Reproduce the whole listing word for word. Leave every image out.

═════ Data segment

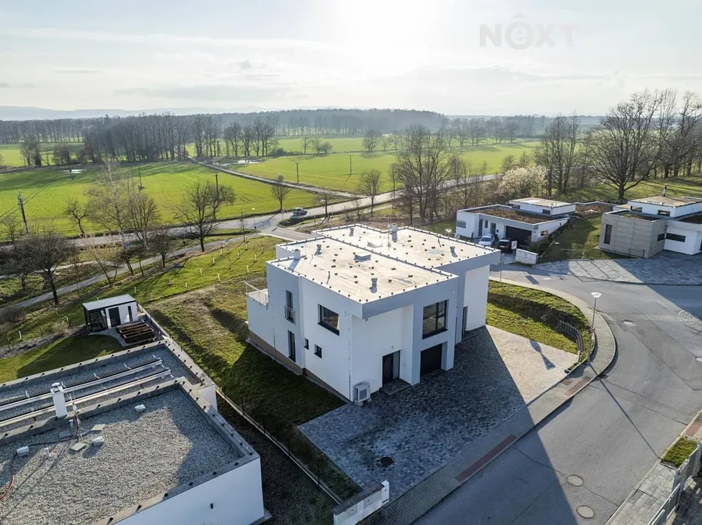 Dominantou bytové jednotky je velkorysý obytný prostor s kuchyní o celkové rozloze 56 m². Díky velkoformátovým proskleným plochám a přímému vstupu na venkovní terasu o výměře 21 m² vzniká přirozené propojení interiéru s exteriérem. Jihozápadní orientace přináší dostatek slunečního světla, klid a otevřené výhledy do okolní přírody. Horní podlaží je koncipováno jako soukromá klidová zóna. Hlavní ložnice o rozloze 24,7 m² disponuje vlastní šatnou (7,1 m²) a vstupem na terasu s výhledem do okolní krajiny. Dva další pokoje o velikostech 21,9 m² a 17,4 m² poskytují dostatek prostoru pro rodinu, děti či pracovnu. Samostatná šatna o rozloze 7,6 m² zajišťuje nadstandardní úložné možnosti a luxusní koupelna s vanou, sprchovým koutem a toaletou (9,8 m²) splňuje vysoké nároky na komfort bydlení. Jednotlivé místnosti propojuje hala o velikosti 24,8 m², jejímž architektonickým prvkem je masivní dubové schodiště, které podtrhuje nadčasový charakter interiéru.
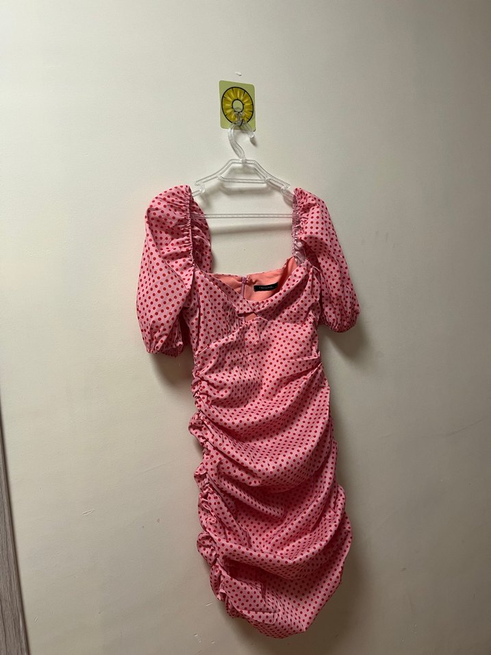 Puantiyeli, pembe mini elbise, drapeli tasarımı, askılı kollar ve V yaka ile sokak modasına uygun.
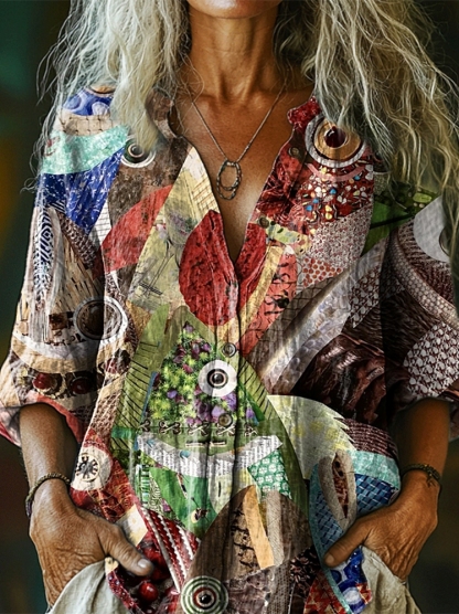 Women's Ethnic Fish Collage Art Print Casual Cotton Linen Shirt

══════════

Solution to this exercise –
 Dominantou bytové jednotky je velkorysý obytný prostor s kuchyní o celkové rozloze 56 m². Díky velkoformátovým proskleným plochám a přímému vstupu na venkovní terasu o výměře 21 m² vzniká přirozené propojení interiéru s exteriérem. Jihozápadní orientace přináší dostatek slunečního světla, klid a otevřené výhledy do okolní přírody. Horní podlaží je koncipováno jako soukromá klidová zóna. Hlavní ložnice o rozloze 24,7 m² disponuje vlastní šatnou (7,1 m²) a vstupem na terasu s výhledem do okolní krajiny. Dva další pokoje o velikostech 21,9 m² a 17,4 m² poskytují dostatek prostoru pro rodinu, děti či pracovnu. Samostatná šatna o rozloze 7,6 m² zajišťuje nadstandardní úložné možnosti a luxusní koupelna s vanou, sprchovým koutem a toaletou (9,8 m²) splňuje vysoké nároky na komfort bydlení. Jednotlivé místnosti propojuje hala o velikosti 24,8 m², jejímž architektonickým prvkem je masivní dubové schodiště, které podtrhuje nadčasový charakter interiéru.
 Puantiyeli, pembe mini elbise, drapeli tasarımı, askılı kollar ve V yaka ile sokak modasına uygun.
 Women's Ethnic Fish Collage Art Print Casual Cotton Linen Shirt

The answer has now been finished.